The Life Aquatic with Steve Zissou is a 2004 American adventure comedy-drama film written by Wes Anderson and Noah Baumbach and directed by Anderson. It is Anderson's fourth feature-length film and was released in the United States on December 25, 2004.

The film stars Bill Murray as Steve Zissou, an eccentric oceanographer who sets out to exact revenge on the "jaguar shark" that ate his partner Esteban. Zissou is both a parody of and homage to French diving pioneer Jacques Cousteau, to whom the film is dedicated.

The film also features Owen Wilson, Cate Blanchett, Willem Dafoe, Michael Gambon, Jeff Goldblum, Anjelica Huston and Bud Cort. Seu Jorge has a minor part, but contributes heavily to the film's soundtrack. It was filmed in and around Naples, Ponza, and the Italian Riviera.

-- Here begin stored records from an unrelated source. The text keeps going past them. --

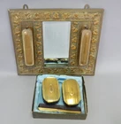Antique art nouveau mens brass hanging mirror clothes brush vanity set Victorian Ornate turn of the century hammered brass hanging mirror and brush set plus a box set of brushes with comb probably from the 1930's or so. Frame is about 15" x 12". Brush set in original box??, comb is marked 'S&B bronze'. Thanks for looking Payment: Please be aware that the Internet is no longer tax-free and eBay may collect sales tax on behalf of your state or country. Curiosity Consignment: 7860 Beechcraft Ave, Gaithersburg MD 20879 Shipping: Combined shipping is done at the sellers discretion. Similar items won that can be safely packaged in the same box will reduce the total estimated cost. Just wait for your invoice. Shipping charges keep increasing and while we are happy to provide free expert packing labor, we can't help the cost of shipping. Domestic items shipped will be left without signature if the value is below $200. For items valued over $200 or if the address appears to be an apartment, signatures are required for delivery. International buyers, please be aware that you may have to pay import tax or customs fees upon delivery. We do not misrepresent the purchase price of items on packing slips. Winning bidder is responsible for actual shipping charges. About Us: Curiosity Consignment is your professional downsizing partner and eBay trading post serving the metro areas of Baltimore and Washington DC. As a full service estate liquidation company, allow us to relieve you the burden of downsizing or sorting and selling large personal collections or even the personal estate property of a friend or loved one. We specialize in home clean-out jobs and can often leverage the value of the contents of a house versus the labor to pack and empty the contents. As a small family business, we identify with the Christian faith and share the message of John 3:16 and wish hope and peace to everyone. Thanks for reading! Legal: Curiosity Consignment does not own most of the items being sold, but is merely a bailee acting on behalf of the seller to facilitate the sale of the goods by holding the goods until such time as a sale is completed and the goods are shipped to the buyer. Curiosity Consignment has used its best efforts to inspect the item(s) for sale and create descriptions and furnish photographs that fairly and adequately depict the type, condition and image of the goods at the time of sale. Curiosity Consignment makes no express or implied warranties or representations regarding the condition or suitability of the goods and to the extent allowed by law, specifically disclaims any express or implied warranties, including but not limited to any warranty of merchantability or fitness for purpose. Curiosity Consignment reserves the right to cancel bids or end an auction up to 24 hours before a given auction is scheduled to end. Powered by CrossPostit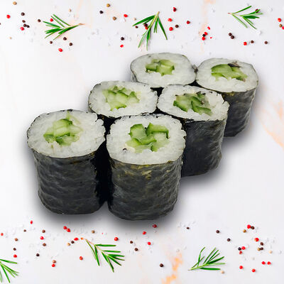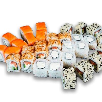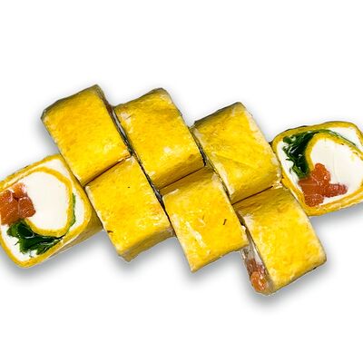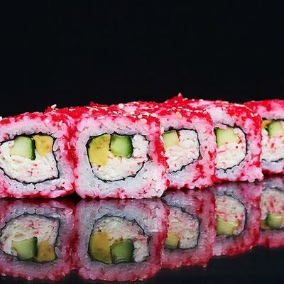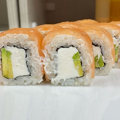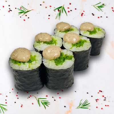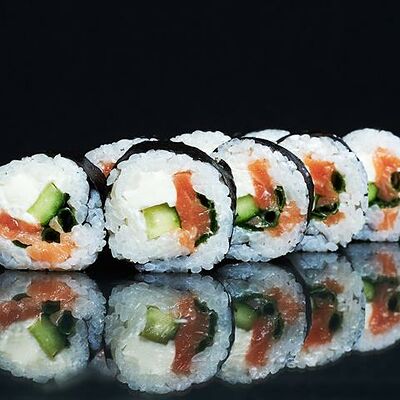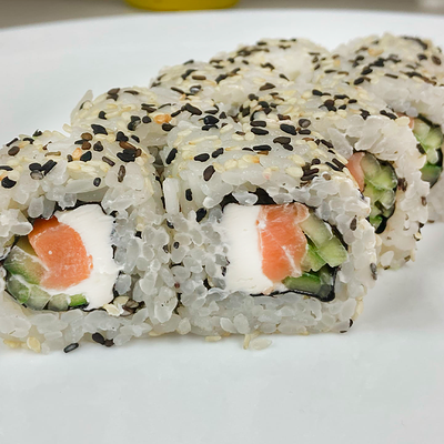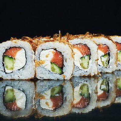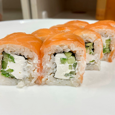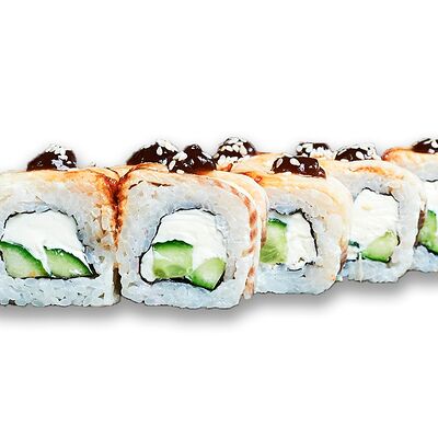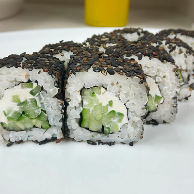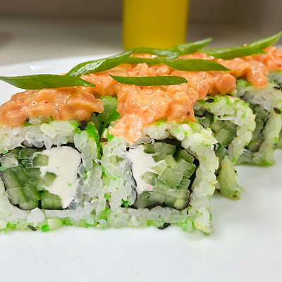 Рис, нори, сыр сливочный, огурец, масаго зеленая, кунжут черный, соус лосось, соус спайси, лук зеленый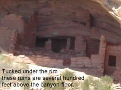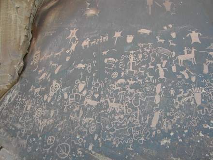 We found a number of abandoned cliff dwellings. Over a span of 8,000-years the “ancestors” [called “Anasazi” by the Navajo] built stone houses and lived on flat-floored niches in the cliff faces of canyons [REF 4]. Frequently they decorated vertical surfaces nearby with petroglyphs, which may have served as warnings, religious symbols, or simply “news”. Cliff dwellings and petroglyphs are found throughout the Colorado Plateau. Wind, cold and water also shaped the ancestors’ life-style, forcing them to abandon the cliff dwellings during the 12th century AD. In Utah, cliff dwellings are small and usually quite old, but in Chaco Canyon, New Mexico, the ancestors built a large central city with four-story stone buildings and some 400-miles of paved road. My photograph of Cliff Dwellings was taken in Cedar Mesa, and the photograph of petroglyphs was taken at “News Rock”, near Canyonlands.

The film was released to mixed reviews and was a box office flop. In the decade following its release it has garnered a cult following, and is now viewed more positively by both critics and fans. It was also since remastered and re-released by The Criterion Collection in 2014.

Plot
While oceanographer Steve Zissou is working on his latest documentary at sea, his best friend and chief diver, Esteban du Plantier, is devoured by a 10-meter-long, luminescently spotted creature Zissou describes as a "jaguar shark". For his next project, Zissou is determined to document the shark's destruction.

The crew aboard Zissou's aging research vessel Belafonte includes his estranged wife Eleanor, chief strategist and financial backer; Pelé dos Santos, a safety expert and Brazilian guitarist who sings David Bowie songs in Portuguese; and Klaus Daimler, the German first mate who views Zissou and Esteban as father figures. Minor crew members include Vikram Ray, cameraman; Bobby Ogata, frogman; Vladimir Wolodarsky, physicist and soundtrack composer; Renzo Pietro, sound man; and Anne-Marie Sakowitz, a script girl who is often seen topless. Also included is a recent group of unpaid interns from the University of North Alaska. However, the "Team Zissou" venture has hit a decline; they have not released a successful documentary in nine years.

Ned Plimpton is a longtime Zissou fan whose mother has recently died, who believes that Zissou is his father. After they meet at Zissou's latest premiere, Ned takes annual leave from his job as an airline pilot in Kentucky to join his crew. As Oseary Drakoulias, Zissou's producer, cannot find a financier for their latest documentary, Ned offers his inheritance. Eleanor feels her husband is exploiting Ned and leaves. 

A pregnant reporter, Jane Winslett-Richardson, comes to chronicle the voyage. Both Ned and Zissou are attracted to Jane, and a competition develops between them. Klaus becomes jealous of the attention Zissou pays to Ned.

On their mission to find the jaguar shark, the Belafonte steals tracking equipment from a remote station owned by currently more successful oceanographer (and Zissou's nemesis), Alistair Hennessey. They then sail into unprotected waters and are attacked by Filipino pirates, who steal Ned's money and kidnap Bill Ubell, a "bond company stooge" assigned to the project. They are then rescued by Hennessey and towed to Port-au-Patois. Sakowitz, along with all but one of the interns, jumps ship once they reach port.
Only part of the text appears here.